Assignment -> Extract, in full, the lines below, beginning at the first and ending with the line that contains "1/17 1年生図工 公開日". Pictures do not belong in the copy.
[Opening Exercise materials section]
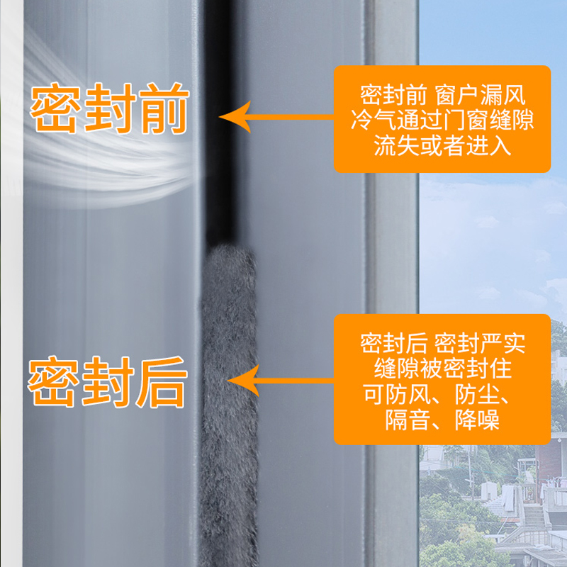 推拉窗密封条铝合金塑钢门窗门缝毛条玻璃条窗户挡风神器防风封条
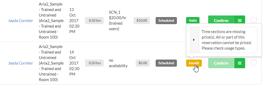 Invalid records will display in yellow. When an invalid record is identified, hover over the "Invalid" button to display suggestions on how to edit the reservation so it can be confirmed.
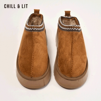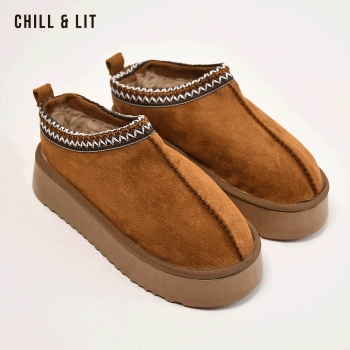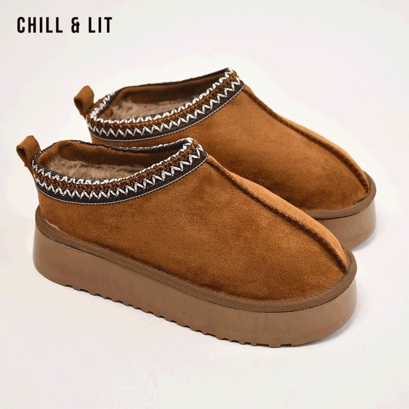 Pantoufles Femme en Daim avec Doublure en Fourrure Hauteur Semelle 4.5cm Super Chaude et Doux Super Tendances. Pointure sur la Photo:37.
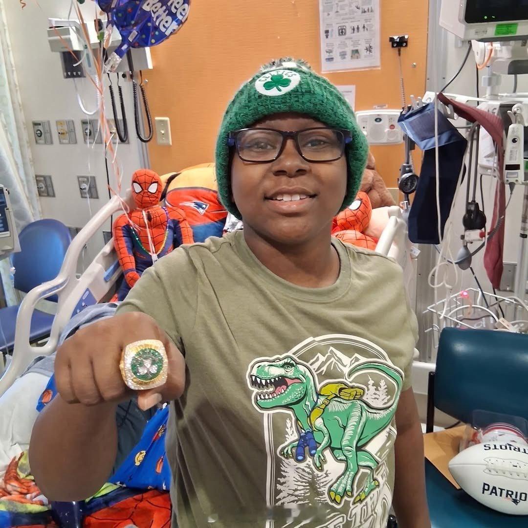 昨天,塔图姆和萨姆-豪泽现身波士顿儿童医院,为一位小球迷送上了惊喜,还带来了一枚总冠军戒指让他试戴
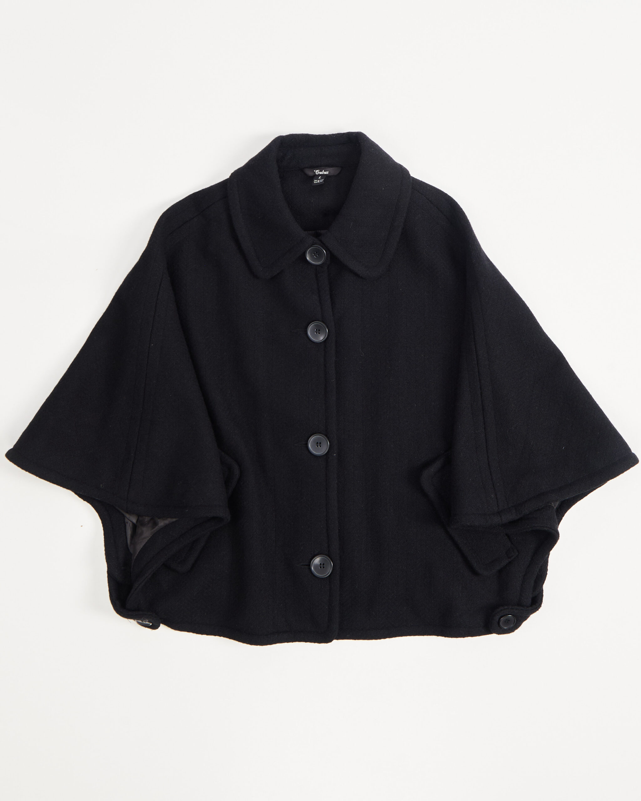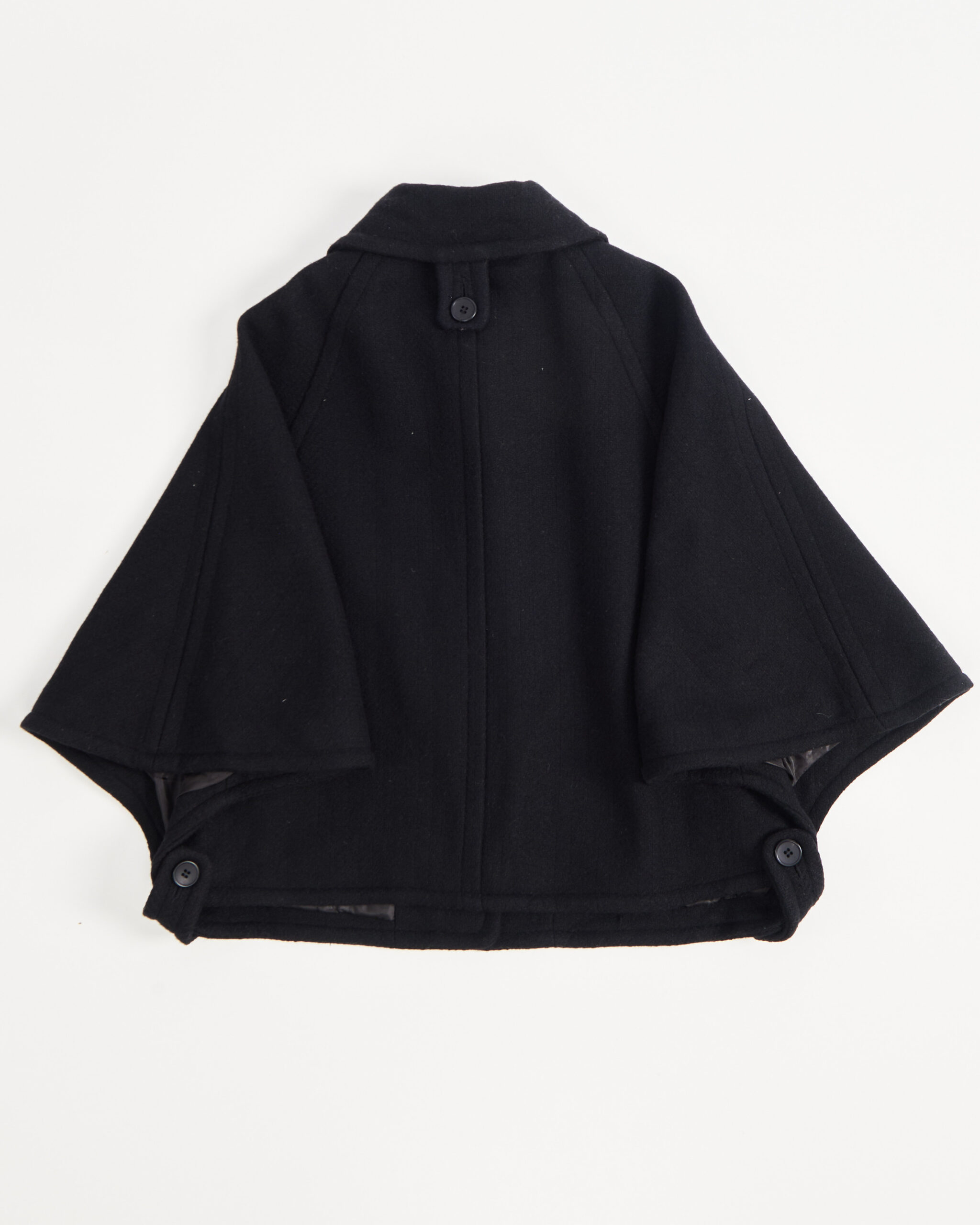 Пончо из шерсти с добавлением вискозы. Свободная посадка, акцент в виде крупных пуговиц.Карманы с клапанами и боковые застежки добавляют функциональности.
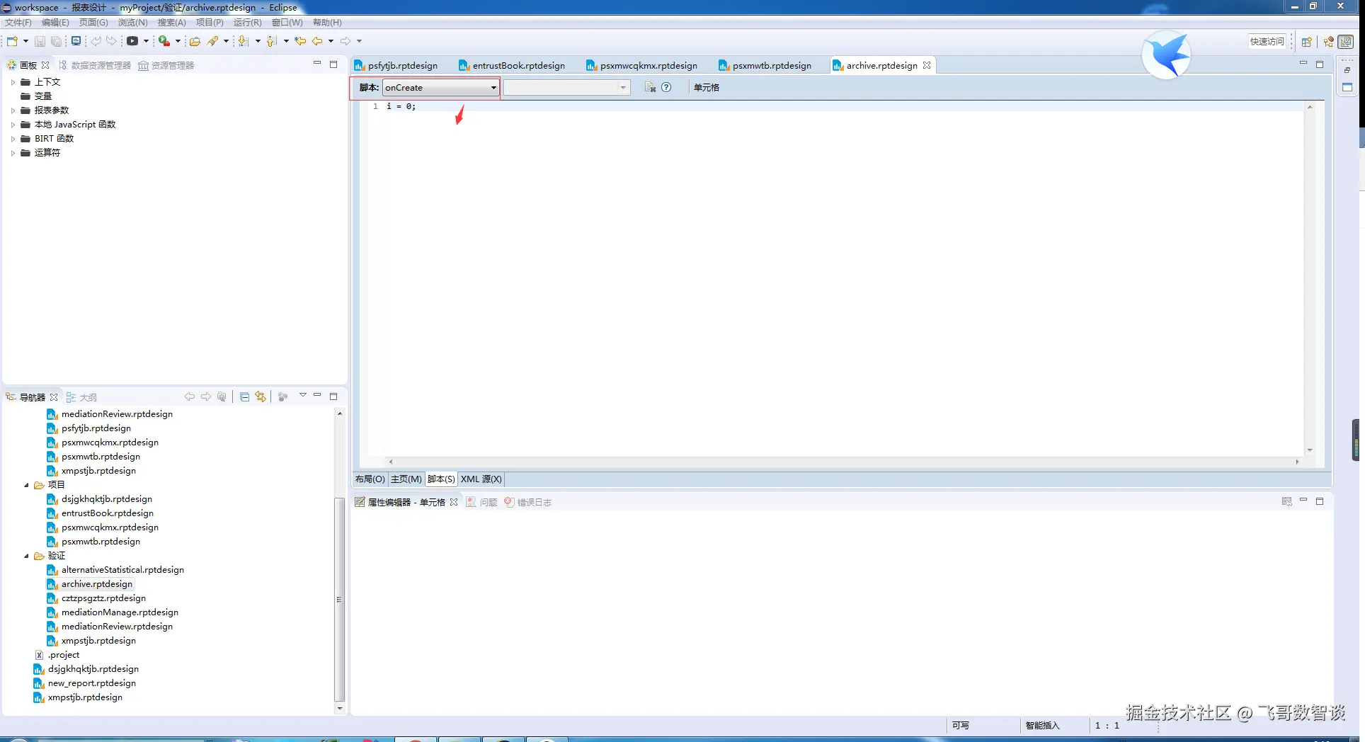 在上方脚本选项中,选择onCreate,在下方输入文本的地方输入i=0;
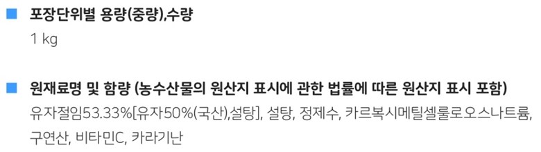 | 포장단위별 내용물의 용량(중량), 수량 | 1KG*1 | 원재료명 및 함량 | 컨텐츠 참조 |
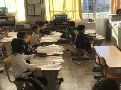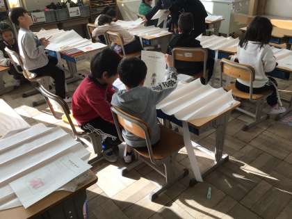 1/17 1年生図工 公開日 2025/01/17 更新日 2025/01/17 各学年から 1年生図工で、「ぐにゃぐにゃだこ」作りをしました。今日は、以前描いた設計図をもとに、色鉛筆で絵を描きました。出来上がった「たこ」をあげるのが楽しみですね。
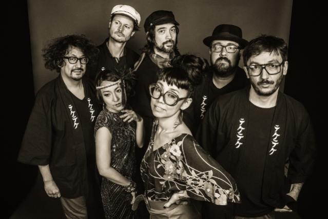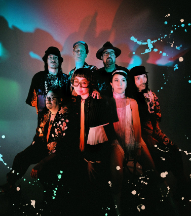 Psychedelic rock group TEKE::TEKE are intimately familiar with duality, of splitting reality between past and present, complex melodies and hushed interludes, intense action and lingering response. After building their sound through careful assembly of countless splinters of Japanese folk, psychedelia, Brazilian surf rock, and other far-flung touchstones, the Montreal-based seven-piece indulged in and learned from stretching out in free-floating experimentation on the road. Now releasing their sophomore album, Hagata (due June 9th via Kill Rock Stars), TEKE::TEKE move fully in the space between, embracing the power of mythic pairings and identities lived at once. Matching muscly intensity with moments of cloudy meditation—like a world-class high jumper finding bliss at the apex of their leap—the group frame expressive compositions with regal flute, rich horns, ecstatic guitar, and a thumping rhythm section.
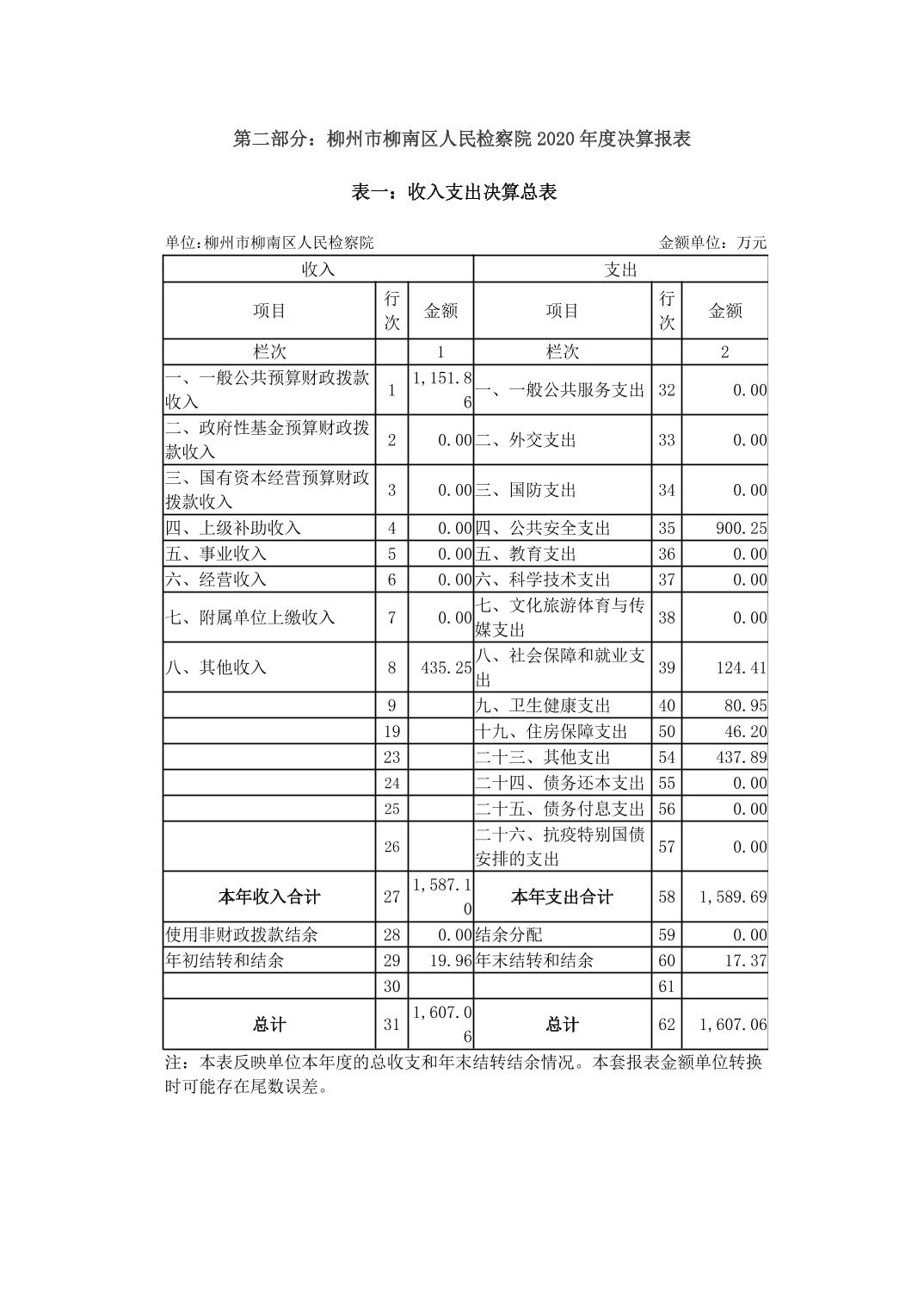 柳州市柳南区人民检察院2020年单位决算公开 - 2020 - 广西博彩导航网网站
[Closing Exercise materials section]
Solved problem ->
 推拉窗密封条铝合金塑钢门窗门缝毛条玻璃条窗户挡风神器防风封条
 Invalid records will display in yellow. When an invalid record is identified, hover over the "Invalid" button to display suggestions on how to edit the reservation so it can be confirmed.
 Pantoufles Femme en Daim avec Doublure en Fourrure Hauteur Semelle 4.5cm Super Chaude et Doux Super Tendances. Pointure sur la Photo:37.
 昨天,塔图姆和萨姆-豪泽现身波士顿儿童医院,为一位小球迷送上了惊喜,还带来了一枚总冠军戒指让他试戴
 Пончо из шерсти с добавлением вискозы. Свободная посадка, акцент в виде крупных пуговиц.Карманы с клапанами и боковые застежки добавляют функциональности.
 在上方脚本选项中,选择onCreate,在下方输入文本的地方输入i=0;
 | 포장단위별 내용물의 용량(중량), 수량 | 1KG*1 | 원재료명 및 함량 | 컨텐츠 참조 |
 1/17 1年生図工 公開日 2025/01/17 更新日 2025/01/17 各学年から 1年生図工で、「ぐにゃぐにゃだこ」作りをしました。今日は、以前描いた設計図をもとに、色鉛筆で絵を描きました。出来上がった「たこ」をあげるのが楽しみですね。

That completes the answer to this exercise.